__TASK DIRECTIONS__
The records should be repeated word for word, pictures excluded.

__Collected data entries__
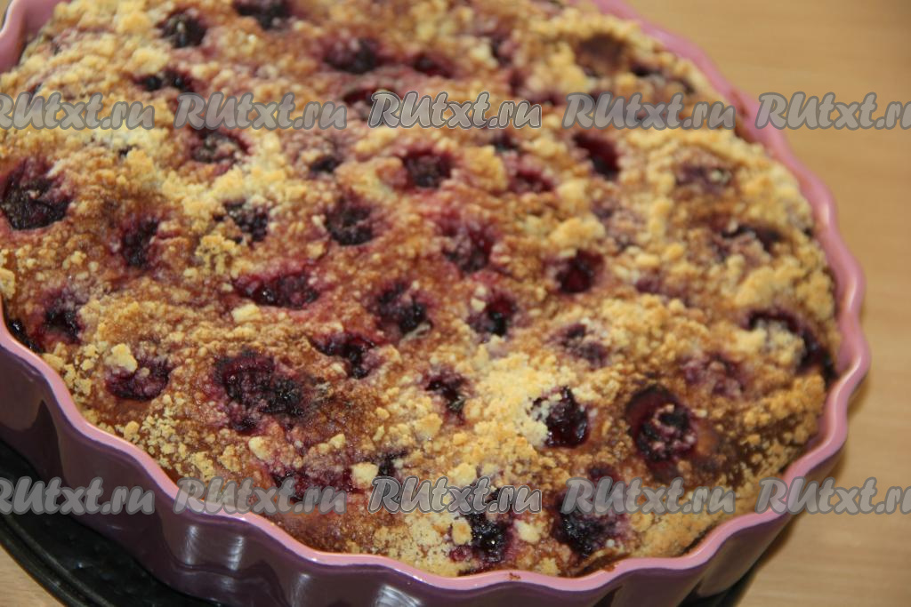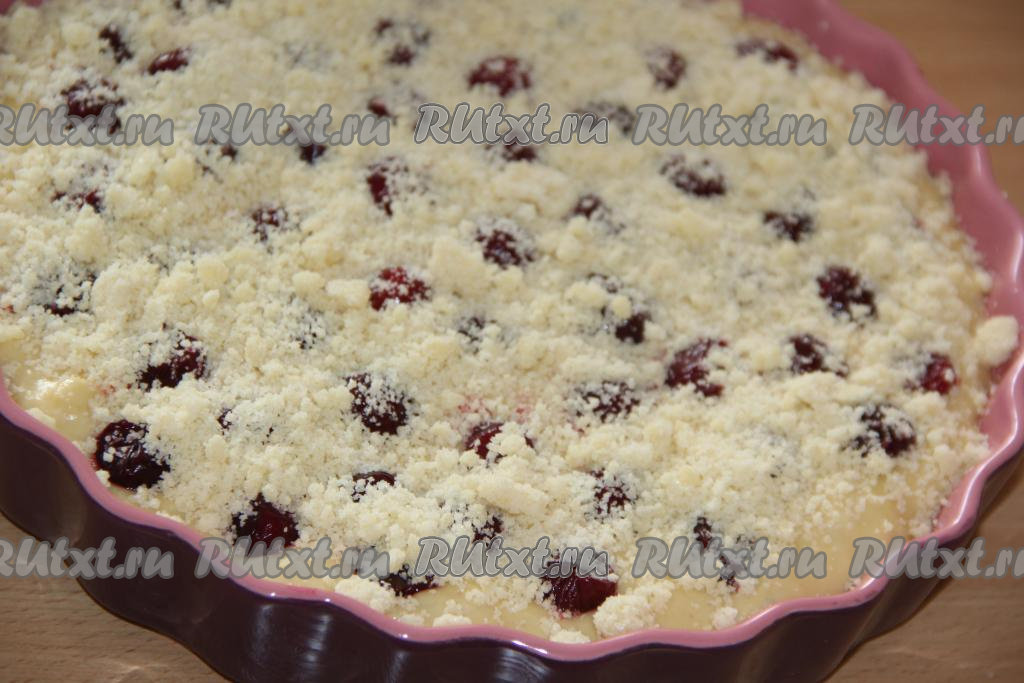Посыпать тесто с вишней приготовленной крошкой и поставить в разогретую духовку. Выпекать дрожжевой пирог с вишнёвой начинкой, примерно, 35-40 минут при температуре 200 градусов.
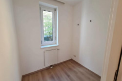 Die Wohnung verfügt über zwei Schlafzimmer, eines hofseitig, das zweite straßenseitig
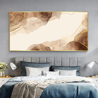 This minimalist piece flows with warmth and sophistication, merging sepia tones with gilded whispers. It evokes a sense of timelessness and grace, inviting a calm yet refined atmosphere to any room. Each brushstroke speaks softly of balance and understated luxury, creating a harmonious space that feels both modern and serene.
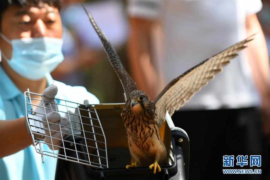 7月1日,在吉林省東北虎園,工作人員放飛一只紅隼。新華社記者林宏攝
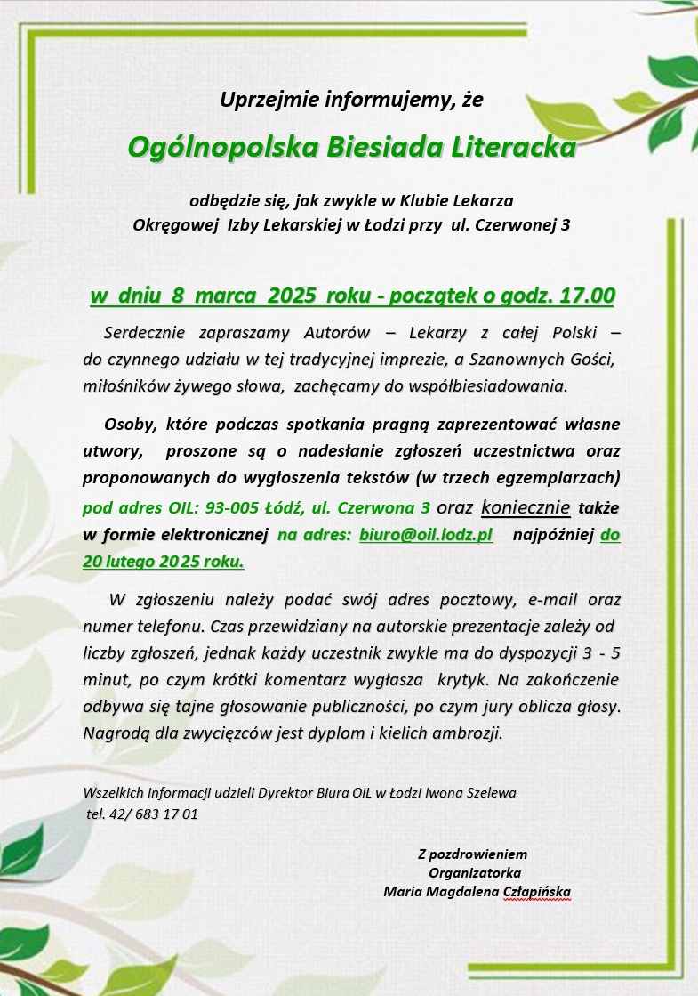 OIL Aktualności Ogólnopolska Biesiada Literacka
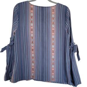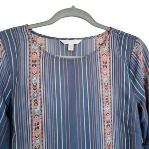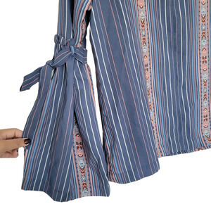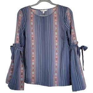 LC Lauren Conrad Indigo Sky Striped Printed Bell Long Sleeve Blouse Women Sz M
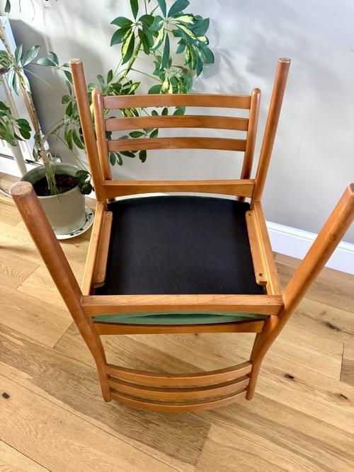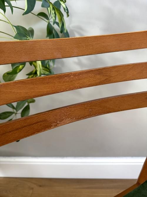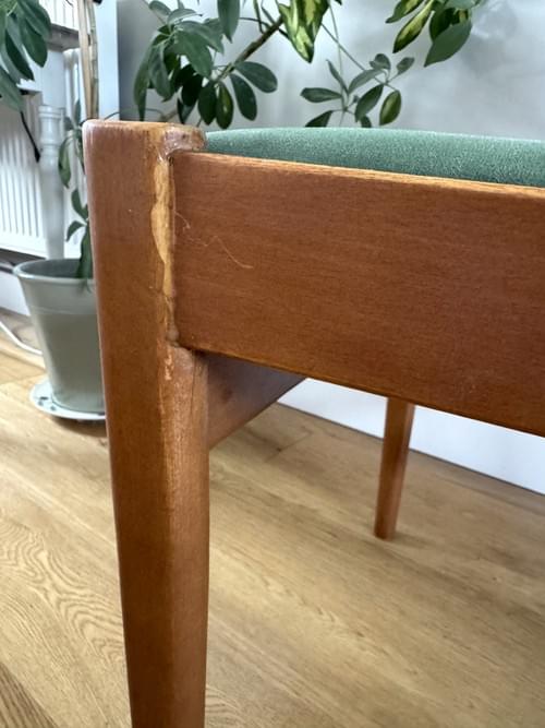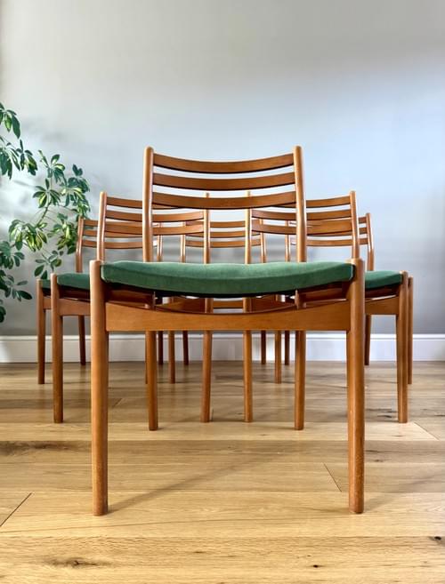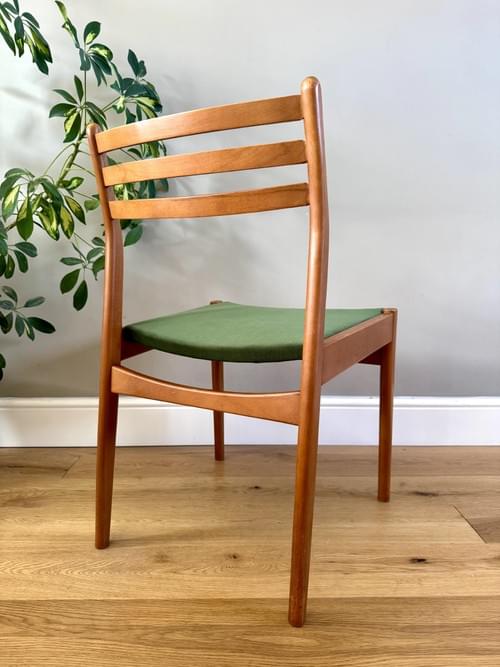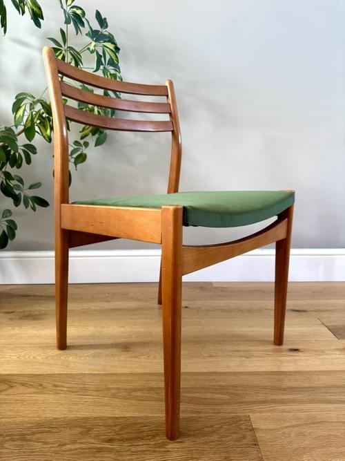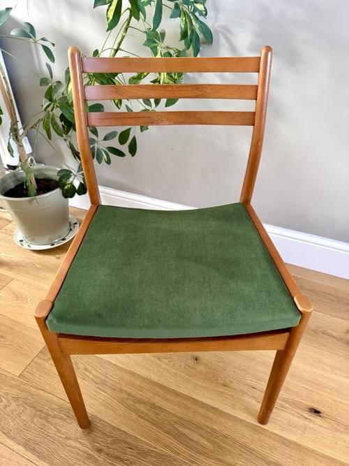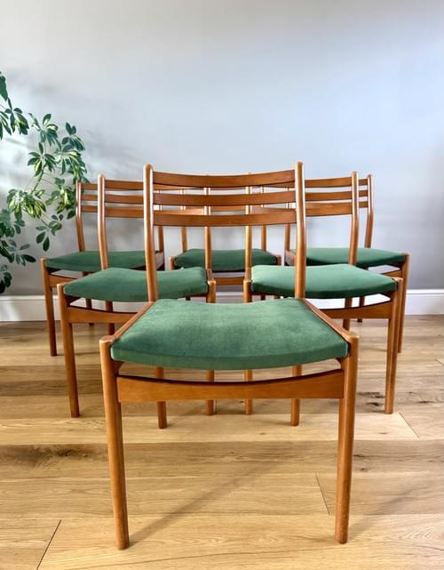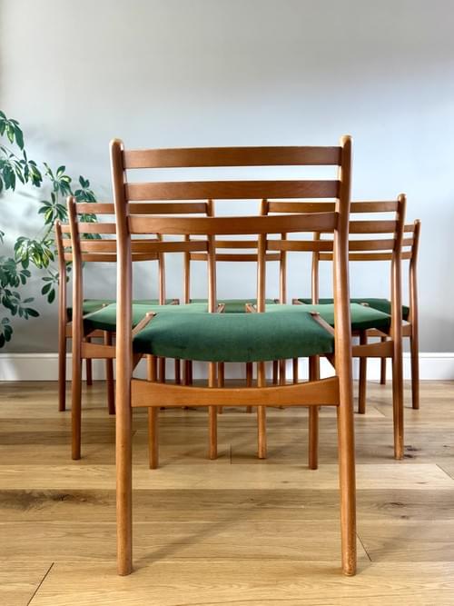Description: Very similar in style to the G Plan chairs degined by Victor Wilkins. Set of 6 teak dining chairs all freshly reupholstered in a gorgeous fire retardant green upholstery velvet - the colour looks amazing on Mid-Century chairs, complimenting the teak frames. The frames have all been cleaned.
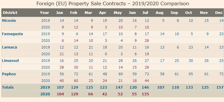 Общее количество продаж не-киприотам, на долю которых в июле пришлось 33% всех продаж, упало на 36% по сравнению с июлем 2019 года. Хотя продажи в Никосии оставались стабильными, продажи недвижимости не-киприотам упали в четырех значимых районах острова.
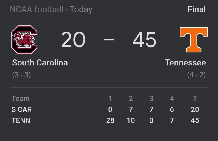 6:46 left in 1st quarter Tn 14 Gamecocks are impotent with zero points.
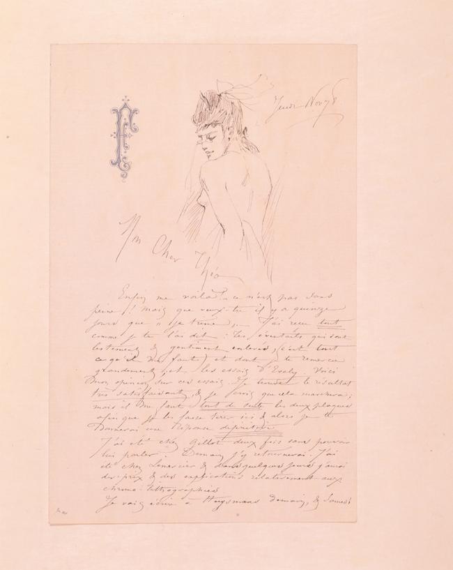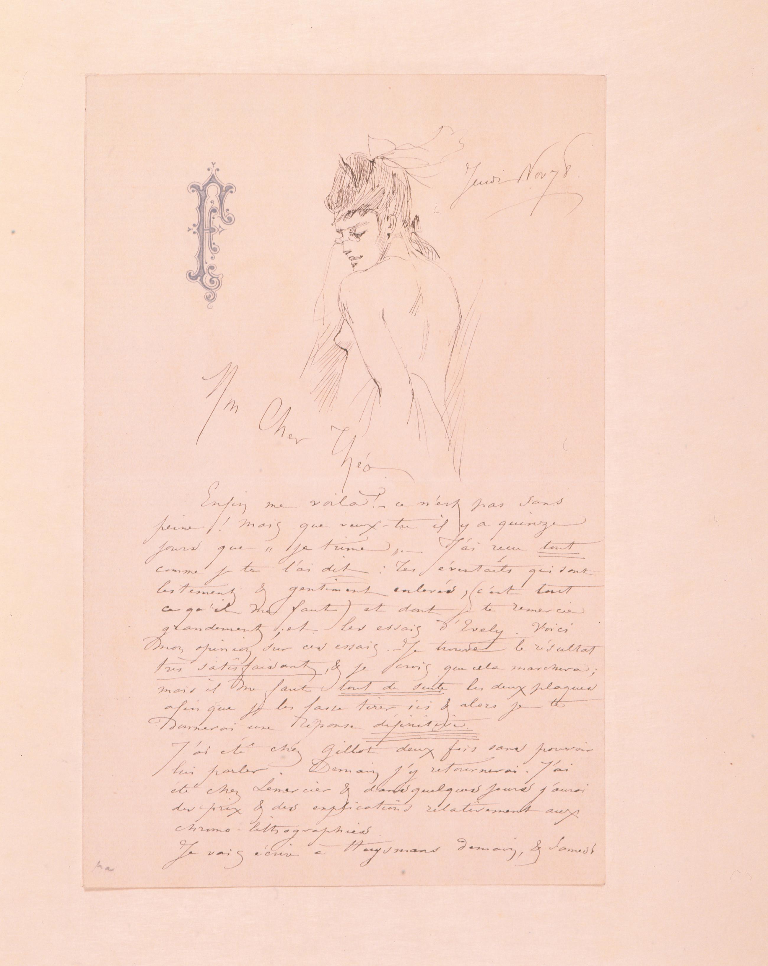Enfin me voilà ! – ce n’est pas sans peine ! Mais que veux-tu il y a quinze jours que « je trime ». – J’ai reçu tout comme je te l’ai dit : Tes éventails qui sont lestement & gentîment enlevés, (c’est tout ce qu’il me faut) et dont je te remercie grandement ; et les essais d’Evely. Voici mon opinion sur ces essais. – Je trouve le résultat très satisfaisant, & je crois que cela marchera ; mais il me faut tout de suite les deux plaques afin que je les fasse tirer ici & alors je te donnerai une réponse définitive.
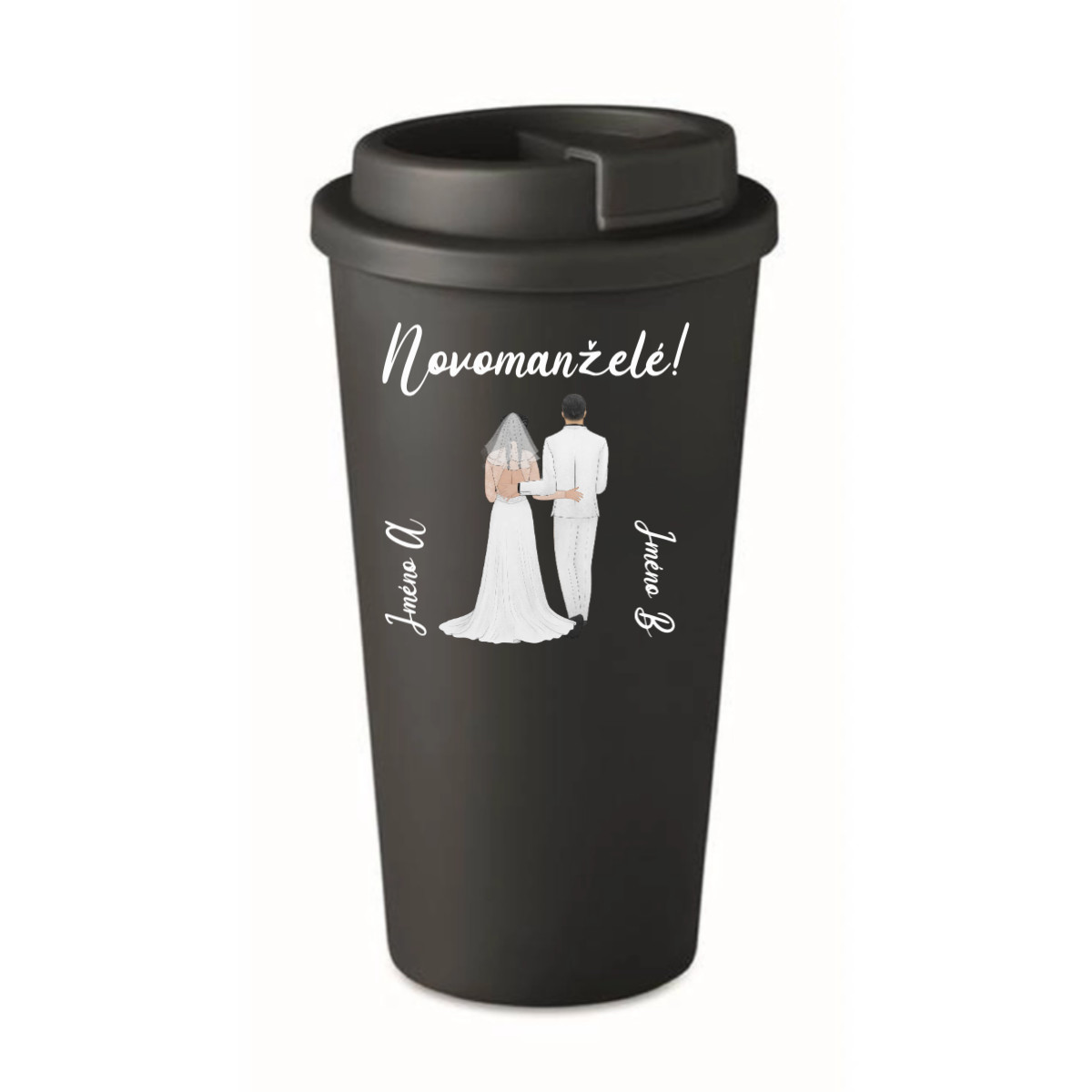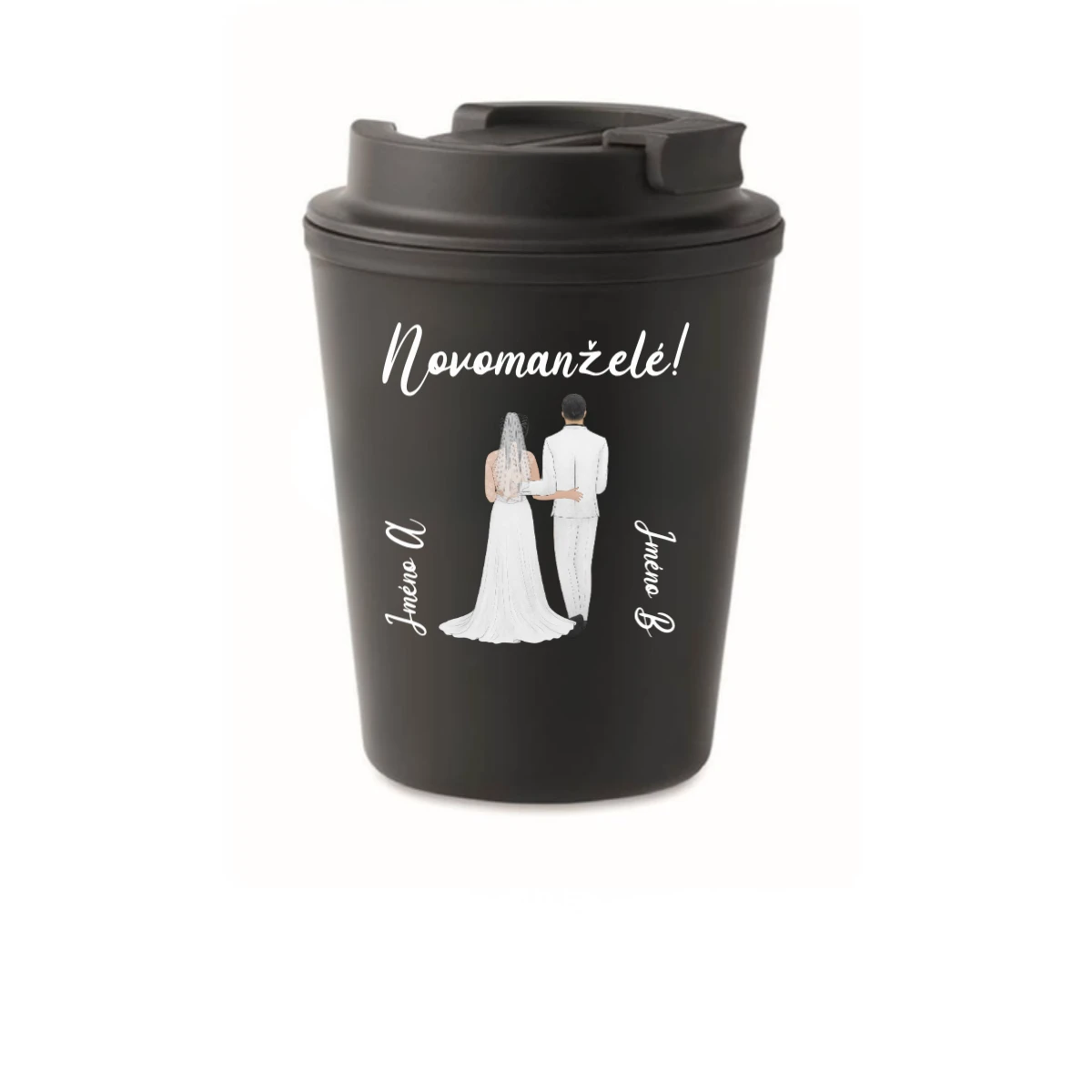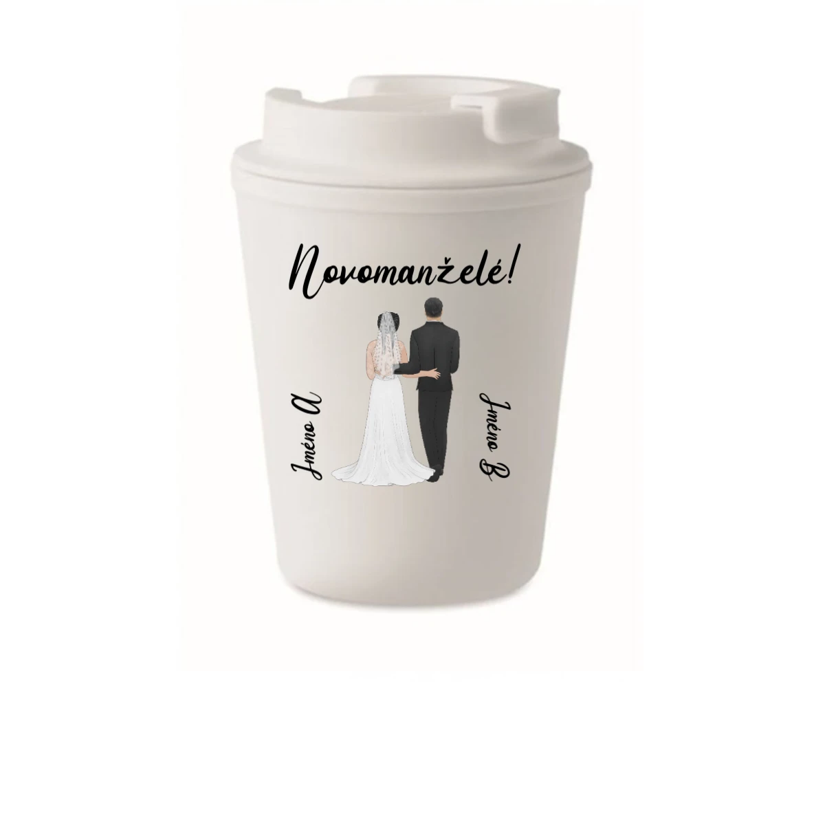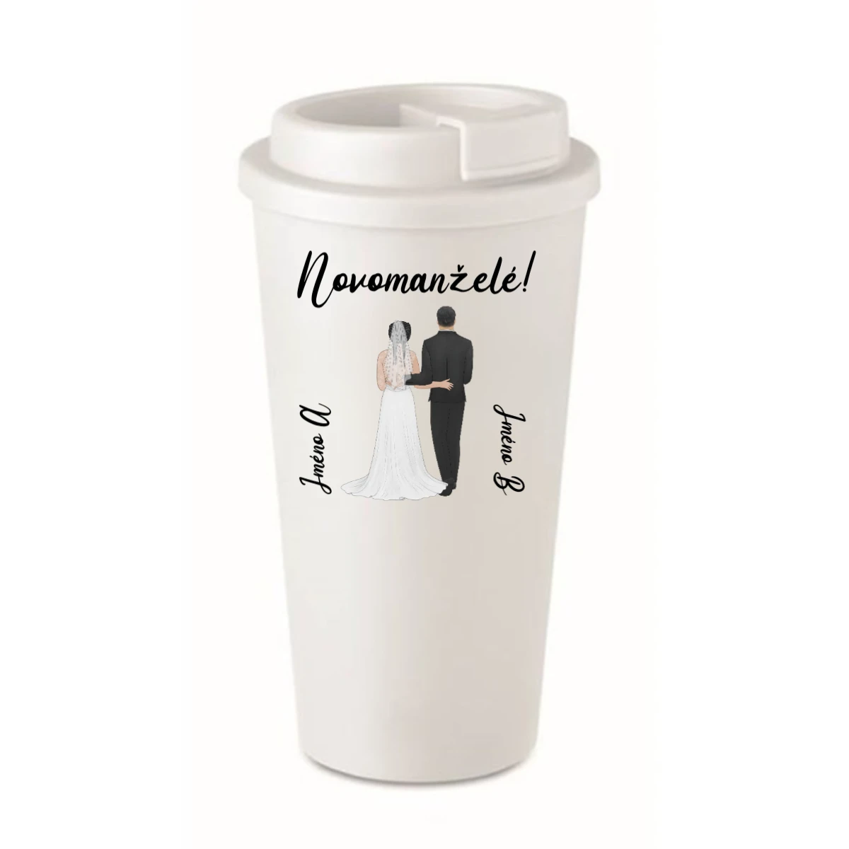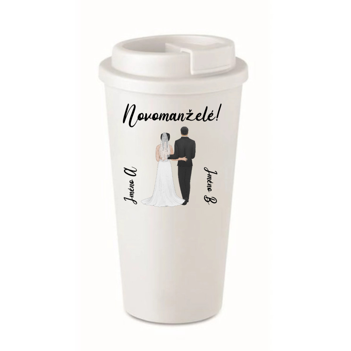 Personalizovaný cestovní termohrnek s novomanželským párem

__FINISHED EXERCISE__
Посыпать тесто с вишней приготовленной крошкой и поставить в разогретую духовку. Выпекать дрожжевой пирог с вишнёвой начинкой, примерно, 35-40 минут при температуре 200 градусов.
 Die Wohnung verfügt über zwei Schlafzimmer, eines hofseitig, das zweite straßenseitig
 This minimalist piece flows with warmth and sophistication, merging sepia tones with gilded whispers. It evokes a sense of timelessness and grace, inviting a calm yet refined atmosphere to any room. Each brushstroke speaks softly of balance and understated luxury, creating a harmonious space that feels both modern and serene.
 7月1日,在吉林省東北虎園,工作人員放飛一只紅隼。新華社記者林宏攝
 OIL Aktualności Ogólnopolska Biesiada Literacka
 LC Lauren Conrad Indigo Sky Striped Printed Bell Long Sleeve Blouse Women Sz M
Description: Very similar in style to the G Plan chairs degined by Victor Wilkins. Set of 6 teak dining chairs all freshly reupholstered in a gorgeous fire retardant green upholstery velvet - the colour looks amazing on Mid-Century chairs, complimenting the teak frames. The frames have all been cleaned.
 Общее количество продаж не-киприотам, на долю которых в июле пришлось 33% всех продаж, упало на 36% по сравнению с июлем 2019 года. Хотя продажи в Никосии оставались стабильными, продажи недвижимости не-киприотам упали в четырех значимых районах острова.
 6:46 left in 1st quarter Tn 14 Gamecocks are impotent with zero points.
Enfin me voilà ! – ce n’est pas sans peine ! Mais que veux-tu il y a quinze jours que « je trime ». – J’ai reçu tout comme je te l’ai dit : Tes éventails qui sont lestement & gentîment enlevés, (c’est tout ce qu’il me faut) et dont je te remercie grandement ; et les essais d’Evely. Voici mon opinion sur ces essais. – Je trouve le résultat très satisfaisant, & je crois que cela marchera ; mais il me faut tout de suite les deux plaques afin que je les fasse tirer ici & alors je te donnerai une réponse définitive.
 Personalizovaný cestovní termohrnek s novomanželským párem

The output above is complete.